Generally RPython will statically compile your program so every RPython-level code that successfully goes to the WebAssembly binary should not throw error unless it is a MemoryError or the likes (I/O, disk, etc). In Limitation there's some guides to understand what does the compiler error means.
On the other hand, JS-level code can throws error. Whether it is from another library that your RPython code calls or Network Error or anything else. Before, everytime a JS error was thrown at RPython scope (a JS code that was called from RPython) it used to stop the RPython runtime and makes it unusable because WebAssembly doesn't directly supports catching error right now. But because we implement the memory reset mechanism here, now everytime an Error occurs it resets the memory back to the original state.
We provide some command line flags to debug from where the JS error was triggered.
rpython file.py --debug
This flag turns on the -g3 flag for emcc and prints RPython function names that is being called. For example, with this code:
from javascript import JSON, Object, Error, function
@function
def throw_error():
Error('error from rpython')
def main(argv):
Object('setTimeout').call(JSON.fromFunction(throw_error), JSON.fromInteger(5000))
return 0
def target(*args): return main, None
It throws an error like this on the JS console:
This is sometimes enough to determine from which RPython code the JS Error was triggered from
rpython file.py --source-map
This flag turns on the -g4 flag for emcc, generating source map for the wasm file and copies the C source to the current directory. With the exact code from above it will prints the stack trace with additional information when clicked:
The full stack trace prints all the way to the main RPython function so we can trace the stack from the beginning of program execution.
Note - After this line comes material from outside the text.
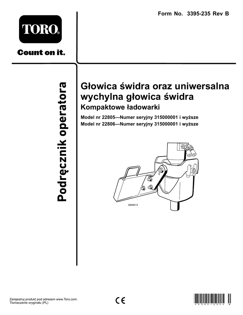 Form No. 3395-235 Rev B Głowica świdra oraz uniwersalna wychylna głowica świdra Kompaktowe ładowarki Model nr 22805—Numer seryjny 315000001 i wyższe Model nr 22806—Numer seryjny 315000001 i wyższe Zarejestruj produkt pod adresem www.Toro.com. Tłumaczenie oryginału (PL) *3395-235* B OSTRZEŻENIE KALIFORNIA Propozycja 65 ostrzeżenie Ten produkt zawiera jeden lub więcej związków chemicznych uznanych w Stanie Kalifornia za wywołujące raka, uszkodzenia płodu lub działające szkodliwie dla rozrodczości. Użycie tego produktu może skutkować narażeniem się na działanie związków chemicznych uznanych w Stanie Kalifornia za wywołujące raka, uszkodzenia płodu lub działające szkodliwie dla rozrodczości. g004523 Rysunek 1 Niniejszy produkt spełnia wymagania stosownych dyrektyw europejskich. Więcej informacji zawiera deklaracja włączenia na końcu niniejszej broszury. 1. Położenie numeru modelu i numeru seryjnego Model nr Wprowadzenie Numer seryjny Ta maszyna to świder o napędzie hydraulicznym będący osprzętem do ładowarek kompaktowych Toro. Służy ona do wykonywania w glebie pionowych otworów niezbędnych przy budowie słupów, sadzeniu roślin, do innych celów budowlanych oraz związanych z kształtowaniem terenów zielonych. Nie jest ona przeznaczona do wiercenia otworów w nawierzchniach utwardzonych, betonowych lub warstwie lodu. Niniejsza instrukcja zawiera opis potencjalnych zagrożeń, a zawarte w niej ostrzeżenia zostały oznaczone symbolem ostrzegawczym (Rysunek 2), który sygnalizuje niebezpieczeństwo, mogące spowodować poważne obrażenia lub śmierć w razie zlekceważenia zalecanych środków ostrożności. Należy przeczytać uważnie poniższe informacje, aby poznać zasady właściwej obsługi i konserwacji urządzenia, nie uszkodzić go i uniknąć obrażeń ciała. Odpowiedzialność za prawidłowe i bezpieczne użytkowanie produktu spoczywa na użytkowniku. Rysunek 2 g000502 1. Symbol ostrzegawczy Z firmą Toro można skontaktować się bezpośrednio poprzez stronę www.Toro.com w kwestiach dotyczących materiałów szkoleniowych z zakresu bezpieczeństwa oraz eksploatacji produktu, informacji na temat akcesoriów, pomocy w znalezieniu autoryzowanego sprzedawcy lub rejestracji urządzenia. W niniejszej instrukcji występują dwa słowa podkreślające wagę informacji. Ważne zwraca uwagę na szczególne informacje techniczne, a Uwaga podkreśla informacje ogólne wymagające uwagi. Aby skorzystać z serwisu, zakupić oryginalne części firmy Toro lub uzyskać dodatkowe informacje, należy skontaktować się z autoryzowanym przedstawicielem serwisowym lub biurem obsługi klienta firmy Toro. Prosimy o przygotowanie numeru modelu i numeru seryjnego produktu. Rysunek 1 przedstawia położenie oznaczenia modelu oraz numeru seryjnego na urządzeniu. Należy zapisać je w przewidzianym na to miejscu. © 2016—The Toro® Company 8111 Lyndale Avenue South Bloomington, MN 55420 2 Napisz do nas pod adres www.Toro.com. Wydrukowano w Stanach Zjednoczonych. Wszelkie prawa zastrzeżone Spis treści Bezpieczeństwo Bezpieczeństwo ............................................................. 3 Wskaźniki stabilności ............................................... 4 Naklejki informacyjne i ostrzegawcze ........................ 5 Przegląd produktu .......................................................... 6 Specyfikacje ........................................................... 6 Działanie ...................................................................... 6 Instalowanie świdra ................................................. 6 Wiercenie otworu .................................................... 8 Odłączanie świdra ................................................... 8 Konserwacja ................................................................. 9 Zalecany harmonogram konserwacji ............................. 9 Smarowanie osi obrotu w ramionach jarzma ................ 9 Wymiana oleju w przekładni planetarnej ..................... 9 Przechowywanie ...........................................................10 Rozwiązywanie problemów ............................................11 Nieprawidłowe użytkowanie lub czynności obsługowe przeprowadzane przez operatora lub właściciela mogą doprowadzić do obrażeń ciała. Aby zmniejszyć ryzyko obrażeń, należy przestrzegać zaleceń bezpieczeństwa umieszczonych poniżej oraz w Instrukcji obsługi zespołu jezdnego. Należy zwracać szczególną uwagę na symbol alarmu bezpieczeństwa, tj. Uwaga, Ostrzeżenie lub Niebezpieczeństwo — są to instrukcje dotyczące bezpieczeństwa osobistego. Nieprzestrzeganie zasad bezpieczeństwa może doprowadzić do obrażeń lub śmierci. NIEBEZPIECZEŃSTWO W obszarze roboczym mogą występować podziemne instalacje elektryczne, gazowe i/lub linie telefoniczne. W przypadku dokopania się do którejś z wymienionych instalacji może dojść do porażenia prądem lub wybuchu. Na obszarze pracy należy oznaczyć instalacje podziemne i nie kopać w oznaczonych obszarach. Proszę skontaktować się z lokalnymi służbami zajmującymi się oznaczaniem lub firmą użyteczności publicznej w celu oznaczenia nieruchomości (np. w Stanach Zjednoczonych proszę zadzwonić pod numer 811 w celu połączenia się z krajowymi służbami ds. oznaczeń). OSTRZEŻENIE Przy wyłączonym silniku osprzęt znajdujący się w pozycji uniesionej może stopniowo opadać. Osoby znajdujące się w pobliżu mogą zostać przygniecione lub zranione przez opuszczający się osprzęt. Przy każdym wyłączeniu zespołu jezdnego osprzęt należy opuszczać na podłoże. OSTRZEŻENIE Podczas wjeżdżania na wzniesienie lub zjeżdżania z niego istnieje niebezpieczeństwo przewrócenia się maszyny, jeżeli jej cięższa strona skierowana jest w dół zbocza. Przewrócenie się maszyny niesie ryzyko przygniecenia lub poważnego zranienia osób. W górę i w dół zbocza należy

Although it maps the wasm to the C source code, it's only mapped to one file the module_1.c:
This code could be from the RPython/PyPy side catching all the error to throws at this get_errorno function.
In the meantime the source map only works on a browser, and it should be loaded with a script tag. When loaded from Module.wasmBinary or on Node.js it doesn't work (although on Node.js maybe --enable-source-maps is still in early stages and source-map-support doesn't work either). On browser, to enable loading from Module.wasmBinary use wasm-sourcemap to rewrite the sourceMapURL relative to current directory.
In the future however, we will work on the get_errno issue so it will map to the right C file and include a function that overwrite the sourceMapURL on the wasm file just like what wasm-sourcemap do.